My little family is everything to me.Us all being together makes me so happy....it feels horrible imagining a day when they might be out all night or living somewhere else (although I don't want to hold them back) I feel like my life purpose was to nurture little children.
I used to work in a nursery but couldn't afford to go back to that now, and it's not the same as having your own as obviously you can't smother them with kisses and cuddles etc.....and i'm not a dog lover so that is ruled out for me! 😅

I guess I just have to try to park the fears whilst i can and enjoy it whilst it lasts......
I really really feel for you all at the older stages.I'm sure there are some lovely aspects but I know I'll just miss the littleness so badly when that is me.

AReallyWittyName · 09/03/2026 14:08

Just came across this post because I was searching the internet for advice, or I don't know just commonality.

All of you have children a lot older than mine, I'm feeling it with a pre-school aged child! and almost all the discussions about it relate to children leaving home, or at least becoming semi independent.

Most of the time I'm ok, but sometimes I look pictures and videos of how happy he is, happy doing simple things like playing in a toy car and singling "Wheels on the bus". I want him to stay like that for ever, because I know whats coming, he has no idea.

I can't explain it, he has so much joy ahead of him, so do we as a family, but his simple pleasures at discovering the world without even knowing bad things can happen - knowing he has to learn that they can (and will - I won't be here forever) just hurts me to the core.

It is a form of grief, a sense of loss, and I get why some other people don't want to call it that for fear of offending parents who have lost children - but I have lost a child, and I'm not offended.

Maybe that loss is what drives my current sadness, over the past few years my own naivety that everything will be alright in the end has been obliterated, I don;t want my child to ever have to deal with that.

Writing this out has made me reflect, and maybe my issues are different, caused by different life events.
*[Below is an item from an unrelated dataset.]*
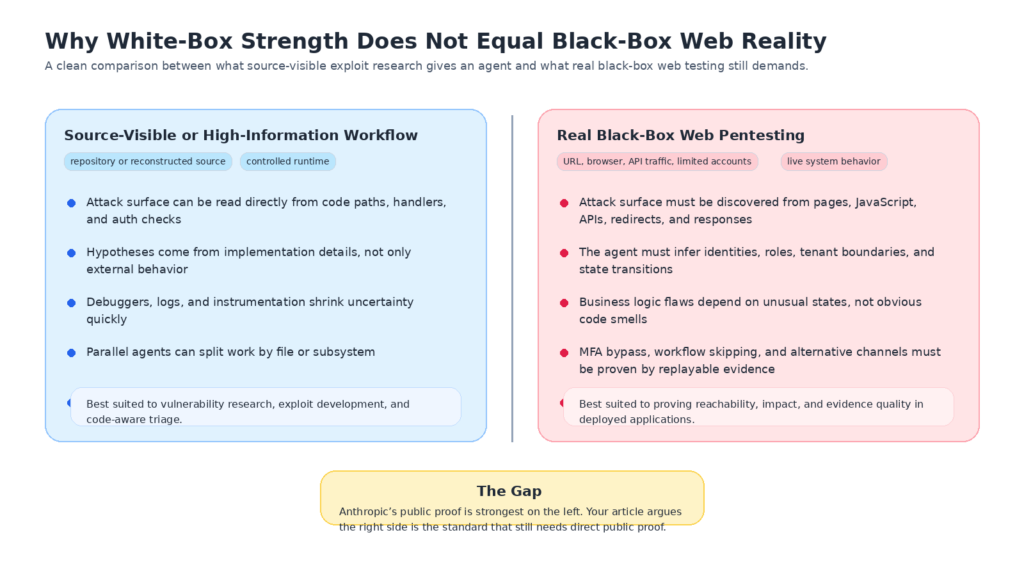 So the correct skeptical reading is not “Anthropic made it up.” The correct skeptical reading is “the public report is strong evidence of a capability jump, but it is still a capability report with narrow public observability.” That is exactly why the boundary of the claim matters so much. Once people hear “zero-days,” “browser exploit chains,” “auth bypass,” and “AI wrote working exploits,” they naturally jump to “so black-box pentesting is solved.” That leap is bigger than the public materials justify. (Red Anthropic)

But just writing this has been cathartic. I hope me child goes to university, leaves home, stops needing me - but at the same time I want to freeze us all where we are now, I guess because it feels he is safe now.

It has also occurred to me that if I could I would go back to my own childhood I would, in a heartbeat, but you can't, and neither can my son go back. Thats a very sad thing - no wonder we feel a sense of grief.